- MS 148
When Ruth Adair Peterson (nee Brooke) died August 1, 2008 in Reno, Nevada, a succession of remarkable events repatriated to Salmon Arm a collection of significant paintings which celebrate a lovely story, a loving family, and its community.
More than three hundred paintings by Ruth’s father, Arthur Adair Brooke, were found under her bed wrapped in a cotton pillow slip and tied with a green ribbon. They came “home”. The one-of-a-kind collection was archival in every sense of the word. It spanned an important period of time and documented rural life in the Mt. Ida District of Salmon Arm.
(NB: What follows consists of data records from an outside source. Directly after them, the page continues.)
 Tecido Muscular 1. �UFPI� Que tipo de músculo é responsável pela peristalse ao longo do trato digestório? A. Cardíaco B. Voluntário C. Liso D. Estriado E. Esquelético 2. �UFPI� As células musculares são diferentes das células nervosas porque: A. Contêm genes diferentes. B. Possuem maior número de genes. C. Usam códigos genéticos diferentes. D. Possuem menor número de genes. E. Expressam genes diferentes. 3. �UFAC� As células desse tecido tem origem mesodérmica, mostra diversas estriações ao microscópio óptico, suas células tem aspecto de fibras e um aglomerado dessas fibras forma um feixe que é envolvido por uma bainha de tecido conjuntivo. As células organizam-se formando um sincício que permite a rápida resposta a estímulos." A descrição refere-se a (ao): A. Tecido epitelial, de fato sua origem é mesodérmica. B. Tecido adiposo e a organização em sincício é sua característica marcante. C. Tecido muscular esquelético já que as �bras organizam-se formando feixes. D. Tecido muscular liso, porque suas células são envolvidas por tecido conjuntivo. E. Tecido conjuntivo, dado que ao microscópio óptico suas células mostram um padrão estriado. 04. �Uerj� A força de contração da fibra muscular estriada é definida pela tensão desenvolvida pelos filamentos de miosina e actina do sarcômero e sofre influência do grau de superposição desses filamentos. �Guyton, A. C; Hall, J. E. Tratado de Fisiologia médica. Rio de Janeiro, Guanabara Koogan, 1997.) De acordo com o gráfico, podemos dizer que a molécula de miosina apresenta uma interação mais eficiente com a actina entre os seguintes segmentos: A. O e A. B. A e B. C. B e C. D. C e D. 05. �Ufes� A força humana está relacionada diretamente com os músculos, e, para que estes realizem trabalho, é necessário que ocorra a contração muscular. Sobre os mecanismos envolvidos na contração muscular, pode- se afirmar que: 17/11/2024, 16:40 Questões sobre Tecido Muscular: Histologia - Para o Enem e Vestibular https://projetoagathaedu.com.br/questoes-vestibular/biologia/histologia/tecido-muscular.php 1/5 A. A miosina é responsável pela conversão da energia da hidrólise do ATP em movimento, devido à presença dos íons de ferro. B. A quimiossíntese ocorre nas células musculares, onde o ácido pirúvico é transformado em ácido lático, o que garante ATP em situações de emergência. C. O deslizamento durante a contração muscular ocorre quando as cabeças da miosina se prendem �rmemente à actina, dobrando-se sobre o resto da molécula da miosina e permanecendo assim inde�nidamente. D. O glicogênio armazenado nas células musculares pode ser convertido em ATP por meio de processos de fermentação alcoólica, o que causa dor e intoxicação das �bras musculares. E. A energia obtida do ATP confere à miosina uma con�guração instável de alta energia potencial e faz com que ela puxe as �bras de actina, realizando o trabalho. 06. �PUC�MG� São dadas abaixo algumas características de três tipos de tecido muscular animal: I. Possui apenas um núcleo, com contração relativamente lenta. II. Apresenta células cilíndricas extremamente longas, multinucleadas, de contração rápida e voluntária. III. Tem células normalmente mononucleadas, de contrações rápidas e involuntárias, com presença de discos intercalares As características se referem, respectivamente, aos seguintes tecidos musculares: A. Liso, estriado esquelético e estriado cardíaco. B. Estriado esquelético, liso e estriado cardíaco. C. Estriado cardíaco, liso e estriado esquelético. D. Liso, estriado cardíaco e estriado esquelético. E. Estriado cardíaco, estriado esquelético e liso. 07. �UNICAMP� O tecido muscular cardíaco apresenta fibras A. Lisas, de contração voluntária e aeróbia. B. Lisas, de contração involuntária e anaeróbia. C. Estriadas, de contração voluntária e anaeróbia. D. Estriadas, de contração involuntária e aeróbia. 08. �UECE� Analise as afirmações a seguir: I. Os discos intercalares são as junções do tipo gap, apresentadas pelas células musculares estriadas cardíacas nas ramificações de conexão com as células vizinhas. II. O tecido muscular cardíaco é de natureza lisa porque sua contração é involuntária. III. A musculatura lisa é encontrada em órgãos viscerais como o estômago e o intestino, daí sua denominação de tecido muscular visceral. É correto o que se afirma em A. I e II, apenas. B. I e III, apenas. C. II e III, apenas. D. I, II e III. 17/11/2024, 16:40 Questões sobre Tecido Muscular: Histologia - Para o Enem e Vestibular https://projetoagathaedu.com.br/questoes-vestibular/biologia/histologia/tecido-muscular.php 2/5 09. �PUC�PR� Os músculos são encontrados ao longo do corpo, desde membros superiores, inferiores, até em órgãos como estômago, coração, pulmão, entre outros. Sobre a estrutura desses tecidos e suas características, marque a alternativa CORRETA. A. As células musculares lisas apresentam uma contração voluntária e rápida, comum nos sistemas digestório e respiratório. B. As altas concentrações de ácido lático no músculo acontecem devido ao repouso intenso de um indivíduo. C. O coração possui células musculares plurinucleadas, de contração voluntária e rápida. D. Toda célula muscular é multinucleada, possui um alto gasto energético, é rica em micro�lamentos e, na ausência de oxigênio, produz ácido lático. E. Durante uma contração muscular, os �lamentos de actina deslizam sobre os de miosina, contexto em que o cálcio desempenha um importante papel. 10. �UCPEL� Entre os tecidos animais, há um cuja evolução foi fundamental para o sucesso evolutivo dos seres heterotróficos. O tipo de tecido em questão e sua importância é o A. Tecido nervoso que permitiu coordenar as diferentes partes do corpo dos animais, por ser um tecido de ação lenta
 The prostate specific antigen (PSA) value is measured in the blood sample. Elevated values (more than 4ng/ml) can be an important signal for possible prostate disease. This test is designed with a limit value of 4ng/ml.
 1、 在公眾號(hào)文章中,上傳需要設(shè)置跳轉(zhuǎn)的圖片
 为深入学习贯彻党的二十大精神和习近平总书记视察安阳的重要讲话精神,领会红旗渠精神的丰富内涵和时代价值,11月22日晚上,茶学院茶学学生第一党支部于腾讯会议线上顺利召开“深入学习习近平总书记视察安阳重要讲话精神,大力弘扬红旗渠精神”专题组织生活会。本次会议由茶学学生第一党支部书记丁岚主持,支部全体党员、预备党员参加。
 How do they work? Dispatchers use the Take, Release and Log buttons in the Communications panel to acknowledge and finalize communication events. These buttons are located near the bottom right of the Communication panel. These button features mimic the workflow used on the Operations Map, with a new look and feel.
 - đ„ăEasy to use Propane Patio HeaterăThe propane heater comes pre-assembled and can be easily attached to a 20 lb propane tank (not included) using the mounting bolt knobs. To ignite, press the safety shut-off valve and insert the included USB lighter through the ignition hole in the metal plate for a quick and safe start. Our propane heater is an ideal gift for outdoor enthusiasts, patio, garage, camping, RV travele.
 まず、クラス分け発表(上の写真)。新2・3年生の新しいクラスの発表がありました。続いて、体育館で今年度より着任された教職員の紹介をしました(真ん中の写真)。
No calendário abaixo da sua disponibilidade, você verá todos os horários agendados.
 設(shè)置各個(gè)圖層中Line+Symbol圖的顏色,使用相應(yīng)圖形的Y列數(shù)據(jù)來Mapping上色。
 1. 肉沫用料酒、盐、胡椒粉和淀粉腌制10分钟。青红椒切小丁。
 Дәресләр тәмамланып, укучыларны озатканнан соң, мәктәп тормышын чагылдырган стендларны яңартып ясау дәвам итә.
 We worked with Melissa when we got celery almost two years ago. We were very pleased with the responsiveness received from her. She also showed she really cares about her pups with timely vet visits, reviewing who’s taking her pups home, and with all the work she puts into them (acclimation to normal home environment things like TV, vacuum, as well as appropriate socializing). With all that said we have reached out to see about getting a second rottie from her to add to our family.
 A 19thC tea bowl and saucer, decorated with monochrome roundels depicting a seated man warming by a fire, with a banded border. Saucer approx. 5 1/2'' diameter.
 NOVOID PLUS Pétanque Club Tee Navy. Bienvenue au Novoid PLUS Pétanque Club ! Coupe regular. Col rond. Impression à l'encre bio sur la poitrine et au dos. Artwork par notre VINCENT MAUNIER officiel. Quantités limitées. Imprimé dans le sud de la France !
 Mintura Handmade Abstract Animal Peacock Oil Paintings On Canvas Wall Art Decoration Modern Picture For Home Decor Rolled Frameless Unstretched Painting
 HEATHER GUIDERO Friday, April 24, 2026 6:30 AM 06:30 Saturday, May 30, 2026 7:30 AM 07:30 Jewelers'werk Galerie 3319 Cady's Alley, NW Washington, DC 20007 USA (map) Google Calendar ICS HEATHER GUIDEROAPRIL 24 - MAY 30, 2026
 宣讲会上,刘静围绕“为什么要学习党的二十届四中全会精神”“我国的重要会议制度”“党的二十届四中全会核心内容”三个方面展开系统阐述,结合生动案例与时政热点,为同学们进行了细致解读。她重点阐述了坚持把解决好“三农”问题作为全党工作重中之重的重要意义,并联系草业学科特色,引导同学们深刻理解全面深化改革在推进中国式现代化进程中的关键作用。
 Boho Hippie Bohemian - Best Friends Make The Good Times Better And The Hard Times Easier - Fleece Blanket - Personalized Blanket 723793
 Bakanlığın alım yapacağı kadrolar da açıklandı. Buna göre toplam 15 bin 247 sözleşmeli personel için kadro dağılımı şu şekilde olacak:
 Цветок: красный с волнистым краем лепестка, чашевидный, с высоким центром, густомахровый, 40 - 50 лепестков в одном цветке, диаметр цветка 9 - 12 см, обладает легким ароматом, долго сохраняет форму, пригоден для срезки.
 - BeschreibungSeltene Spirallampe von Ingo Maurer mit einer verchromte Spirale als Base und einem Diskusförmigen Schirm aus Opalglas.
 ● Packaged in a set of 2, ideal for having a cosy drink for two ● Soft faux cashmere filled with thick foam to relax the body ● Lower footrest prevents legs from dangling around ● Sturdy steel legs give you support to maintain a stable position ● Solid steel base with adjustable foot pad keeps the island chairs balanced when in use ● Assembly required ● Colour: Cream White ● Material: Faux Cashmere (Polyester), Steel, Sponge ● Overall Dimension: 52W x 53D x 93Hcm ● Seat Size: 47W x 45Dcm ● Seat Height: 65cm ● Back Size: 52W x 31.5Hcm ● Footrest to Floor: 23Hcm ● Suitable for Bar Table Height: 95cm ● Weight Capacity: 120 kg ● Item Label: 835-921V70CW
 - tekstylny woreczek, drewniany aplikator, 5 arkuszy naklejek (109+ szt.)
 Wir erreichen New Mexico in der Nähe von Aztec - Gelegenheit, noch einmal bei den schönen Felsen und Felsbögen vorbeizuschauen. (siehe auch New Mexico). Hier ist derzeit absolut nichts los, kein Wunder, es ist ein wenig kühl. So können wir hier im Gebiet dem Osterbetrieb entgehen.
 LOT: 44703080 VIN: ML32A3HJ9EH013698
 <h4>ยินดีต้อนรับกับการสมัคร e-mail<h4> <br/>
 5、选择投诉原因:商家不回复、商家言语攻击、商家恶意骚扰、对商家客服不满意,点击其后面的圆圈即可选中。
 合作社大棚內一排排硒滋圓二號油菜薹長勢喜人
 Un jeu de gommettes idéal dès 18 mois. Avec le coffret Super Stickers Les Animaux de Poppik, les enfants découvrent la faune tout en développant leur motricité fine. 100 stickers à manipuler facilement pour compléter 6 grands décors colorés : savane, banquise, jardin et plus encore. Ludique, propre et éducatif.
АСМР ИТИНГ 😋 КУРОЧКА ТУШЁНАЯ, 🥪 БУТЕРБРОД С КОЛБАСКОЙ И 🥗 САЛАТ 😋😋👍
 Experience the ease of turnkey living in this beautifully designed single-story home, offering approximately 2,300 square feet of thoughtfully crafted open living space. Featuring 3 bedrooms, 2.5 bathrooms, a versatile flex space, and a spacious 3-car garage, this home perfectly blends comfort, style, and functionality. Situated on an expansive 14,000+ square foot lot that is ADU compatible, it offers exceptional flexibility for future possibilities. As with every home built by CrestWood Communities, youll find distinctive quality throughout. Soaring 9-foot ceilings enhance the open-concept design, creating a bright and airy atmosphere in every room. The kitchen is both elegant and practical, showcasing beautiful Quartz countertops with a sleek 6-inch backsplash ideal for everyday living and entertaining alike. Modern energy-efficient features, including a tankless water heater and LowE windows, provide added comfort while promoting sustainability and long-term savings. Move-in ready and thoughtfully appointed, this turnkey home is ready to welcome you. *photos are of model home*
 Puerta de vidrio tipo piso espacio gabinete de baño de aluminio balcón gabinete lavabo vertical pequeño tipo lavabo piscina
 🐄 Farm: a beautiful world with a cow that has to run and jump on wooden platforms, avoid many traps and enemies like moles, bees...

Ruth’s story begins in 1921. Life on the Brookes’ farm, Asterfield, was unexpectedly interrupted with her birth. She was a fourth child and the first daughter to middle aged parents Arthur Adair and Annie Florence Brooke. She was given her mother’s maiden name and raised like an only child, adored by her adult brothers. Family members tell us her parents were strict Baptists. Ruth left home to attend business school in Calgary. It was there she met the love of her life, a divorced American baseball player named Bill Peterson. Ruth followed Bill to the States and they were married in 1951. Ruth and her new husband lived in Oakland, California and Reno, Nevada. The couple had a long marriage until Bill’s death in 1985.
But the story really began with the artist. Born in Rome in 1874, Arthur Adair Brooke had a long journey to Salmon Arm, British Columbia. The eldest child of Arthur Swindells and Amelia Adair Brooke had little memory at the age of two of moving with his family to Switzerland. His father was a professional watercolour artist and supported the family of 9 surviving children by painting landscapes.
When A.A. Brooke finished secondary school he was sent to England before emigrating to Canada in 1890. The first stop in Canada was Manitoba where he learned to farm under the tutelage of Joseph Merry at the Barnsley Farm Home. Four years later, Brooke began working his own farm.
Brooke married Annie Florence Ruth in 1898. Their first son, Harold Arthur, was born at Barnsley two years later. The family moved to Didsbury, Alberta, and two more sons joined the family, Ralph Edward in 1902 and Ernest Cuthbert in 1903. A.A. Brooke worked a homestead and received his Western Land Grant in 1904.
Alberta was not to be the end of the journey. Brooke sold the homestead and its improvements, and moved the household west after purchasing 60 acres of the Goforth farm in the Mt. Ida District near Salmon Arm. They arrived by train in 1907 with two loads of settlers’ effects and set up residence, naming their new home Asterfield.
Still adjusting to retirement, the couple moved again, this time south to another farming community, Cloverdale in the Fraser Valley. Arthur Adair spent his remaining years painting.
Annie Florence passed away December 6th, 1957. After her death, Arthur ached with loneliness and moved to Siska Lodge at Lytton, B.C. to be with his son Harold. He kept busy painting watercolours to sell in the Lodge’s coffee shop.
Arthur Adair was a prolific artist and left a legacy of a significant body of work. The farmer artist sketched images all his life, using his drawings as inspiration for later watercolours. His landscapes depict Switzerland, Ireland, Manitoba, Alberta, Alaska, and British Columbia. Numerous watercolours and sketches are held in private collections, at the Glenbow Museum in Calgary, the Dufferin Historical Society Museum in Carman, Manitoba and the Salmon Arm Museum. But his best work is said to be Ruth’s baby books that document his daughter's early life.
Arthur died thirteen months after Annie on January 13, 1959.